KARACHI, June 17: Business leaders on Monday continued to express their mixed reactions on the next fiscal year’s budget presented by Finance Minister Shaukat Aziz on Saturday. They hope that the measures proposed to boost investment would bring desired and positive results, but were not happy on the unrealistic tax collection target fixed at Rs460 billion.
A former President of the Federation of Pakistan Chambers of Commerce and Industry S.M. Muneer appreciated the “business friendly” feature of the 2002-03 budget but expressed reservations on the Rs460 billion tax collection target.
He reminded the government that a tax collection target of Rs457 billion was fixed in the 01-02 budget, which was revised downward three times in the year and hardly Rs400 billion is expected to be recovered. He feared that an inflated target of Rs460 billion would bring pressures on the tax collectors who in turn would harass the taxpayers and would eventually affect the trade and industry.
The Chairman of the Towel Manufacturers’ Association of Pakistan S.M.A. Rizvi in his statement has ridiculed those hailing the budget as ‘investment friendly’. “With the present political situation, complicated sales tax laws, multiplicity of the federal and provincial departments, high cost of utilities, total break down of infrastructure facilities, conditionalities of the IMF and other donors, we can only pray to God that he may send some investor from the heaven,” he said.
He, however, appreciated some relief in the income tax but term the reduction in import duty as cosmetic.

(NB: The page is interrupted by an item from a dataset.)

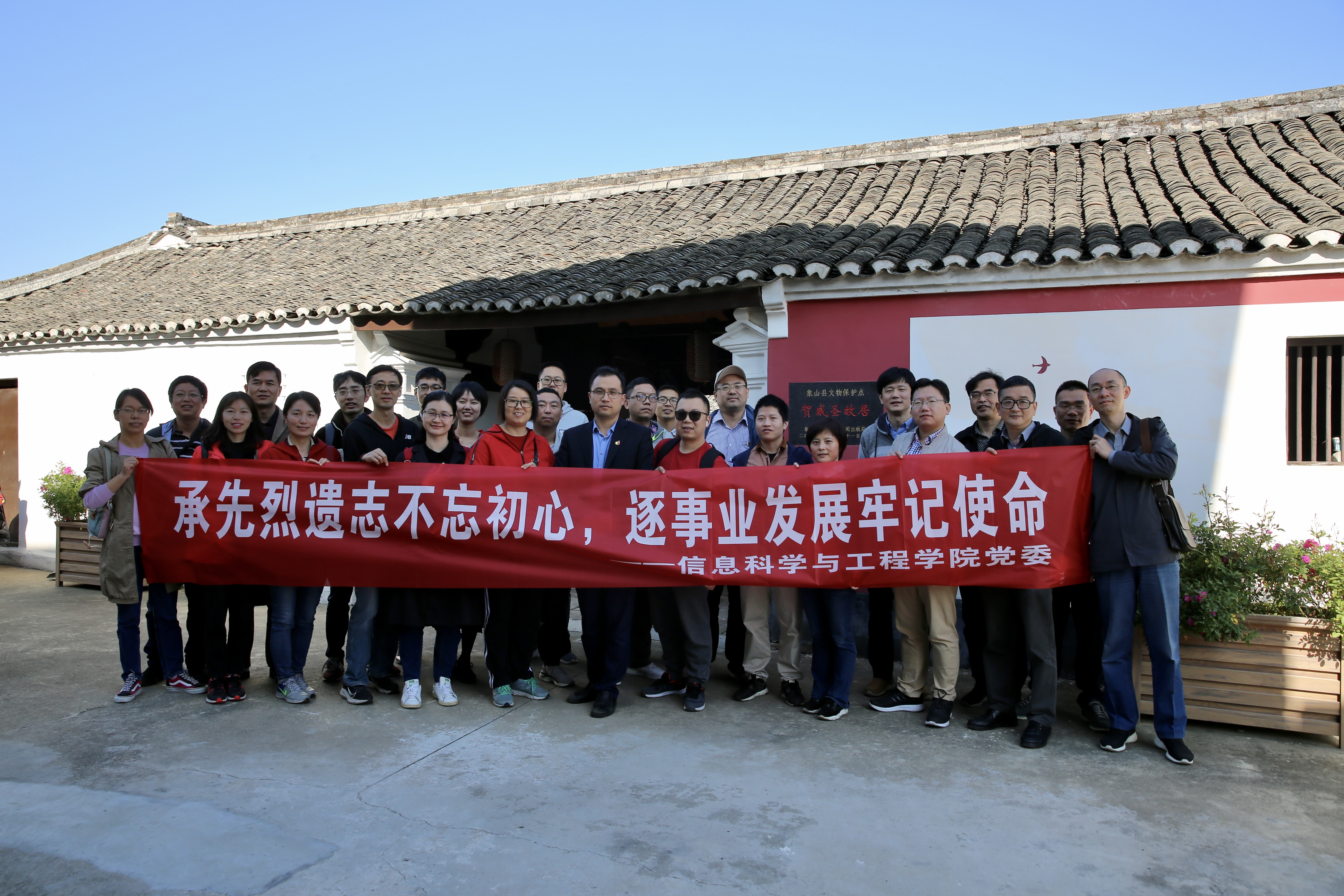 11月14日,信息学院教工党员赴象山开展“承先烈遗志不忘初心,逐事业发展牢记使命”主题党日活动,分别参观学习了贺威圣故居、殷夫故居和东门岛门头山海防古迹爱国主义教育基地。瞻仰烈士遗志,铭记爱国情怀,凝聚前行力量。
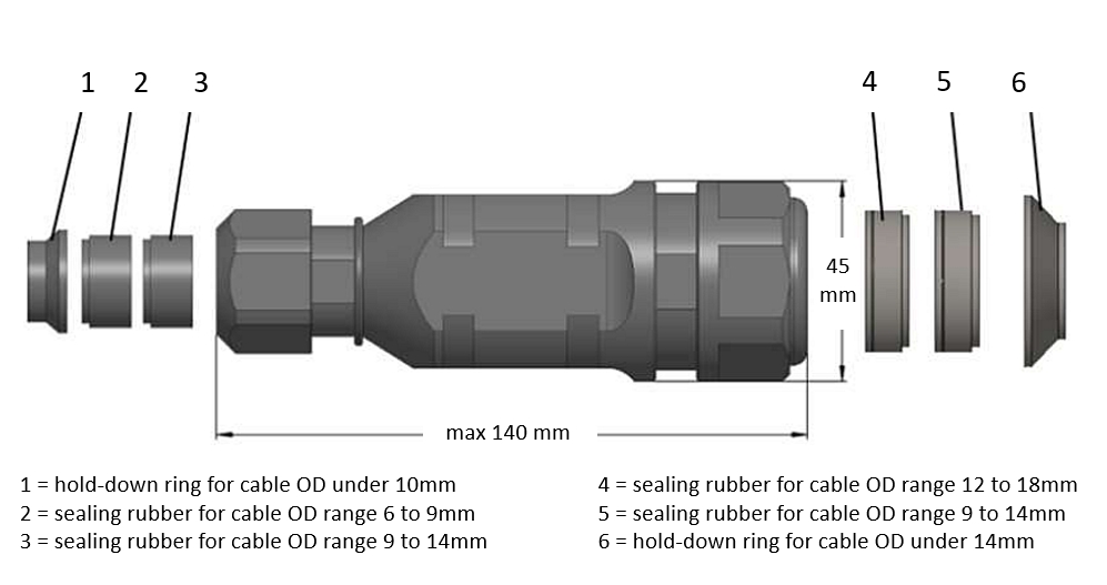 | Cable Outer Diameter | Input end: 9–14 mm and 14–18 mm | Output end: 6–9 mm and 9–14 mm |

G. R. Arshad, life chairman, Action Committee of All Pakistan Textile Processing Mills Association highlighting various positive features of the budget called it a balanced and investment oriented budget.
Haji Shafi-ur-Rehman of Pakistan Kiryana Merchants Association criticized the government for retaining 20 per cent duty on import of spices. He said that trade bodies have been informing government that this high rate of duty on spices has led to smuggling which be tackled effectively by reducing the rate of duty.

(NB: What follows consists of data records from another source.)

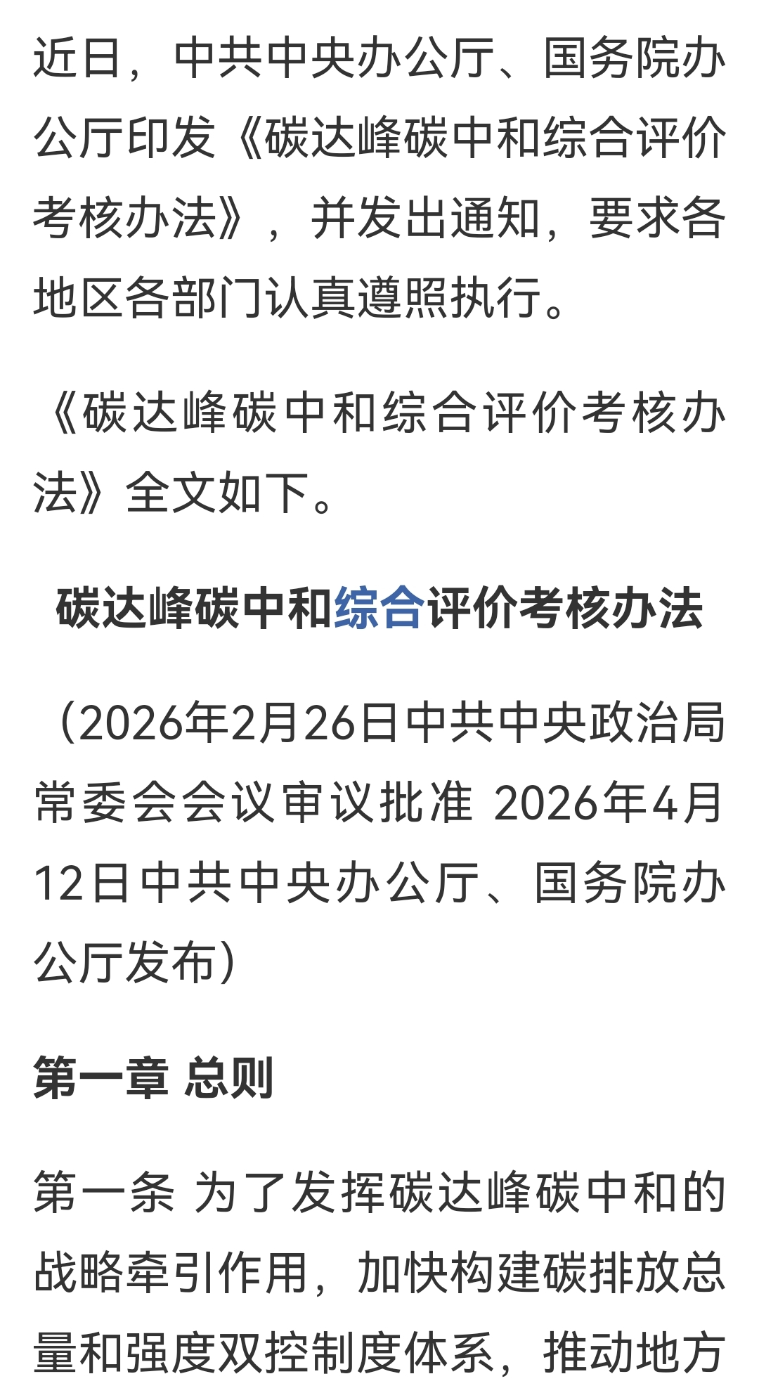 《碳达峰碳中和综合评价考核办法》全文如下。
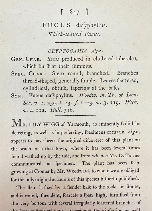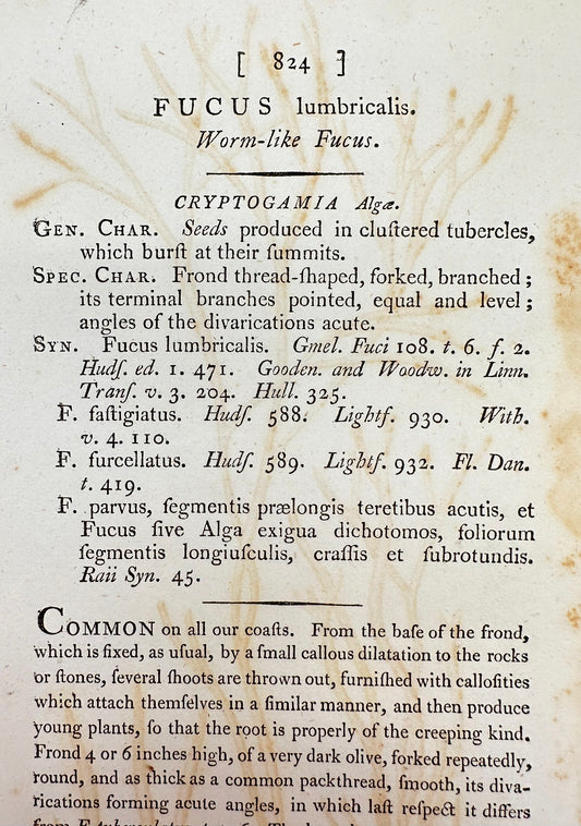 Antique Print - James Sowerby - Fucus Lumbricalis - Worm-like Fucus - F1
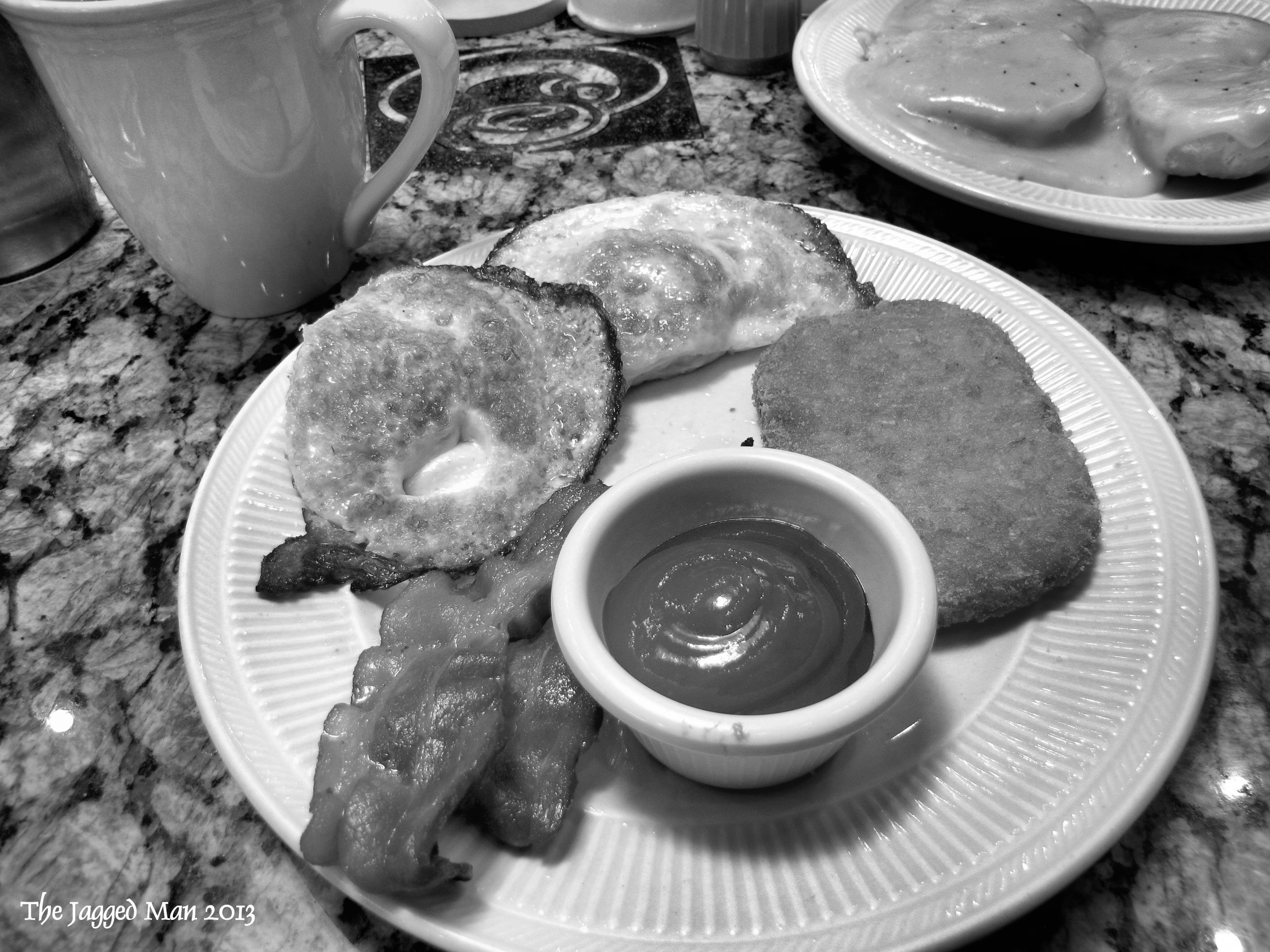 The menu for breakfast was simple and reasonably priced. The Bride and I each ordered the Breakfast Platter with eggs done our way. We shared a full order of Biscuits and Gravy as well. We had water and coffee with our meal. The coffee was hot and fresh and our waitress was on top of the refills. Though I cannot remember how much the Biscuits and gravy were, the Breakfast Platter was $4.99 plus tax. The servers and the cooking staff were very friendly and did their profession proud.
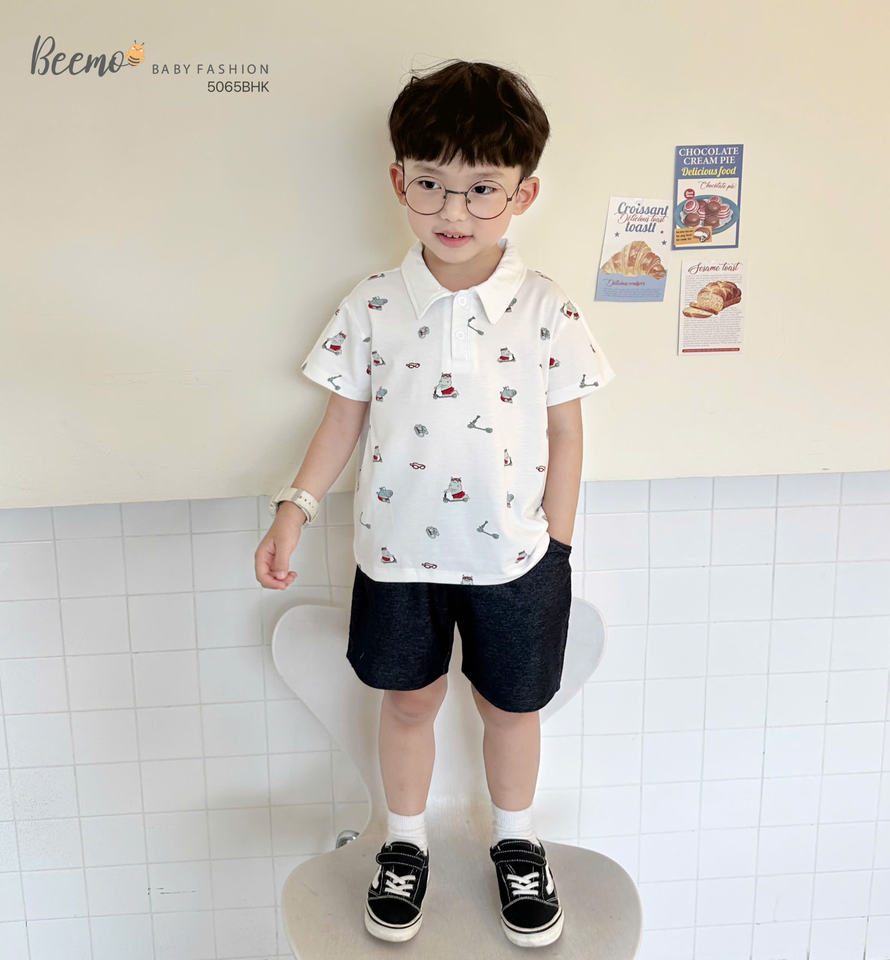 Wholesale Canvas Baby Clothing Sets for Boys Summer Casual Two-Piece Suit with Short Sleeve & Cartoon Print for Kids

The union of Small and Medium Enterprises expressed its disappointment as what it said the budget has failed to provide any facility or incentive to small entrepreneur.
The Pakistan Ship Breakers’ Association welcomed the withdrawal of central excise duty on ship plates.
Haji Mohammad Hanif Biloo of the Wholesale Chemists Council of Pakistan expressed disappointment that the budget did not address the issue of levy of GST on medicines.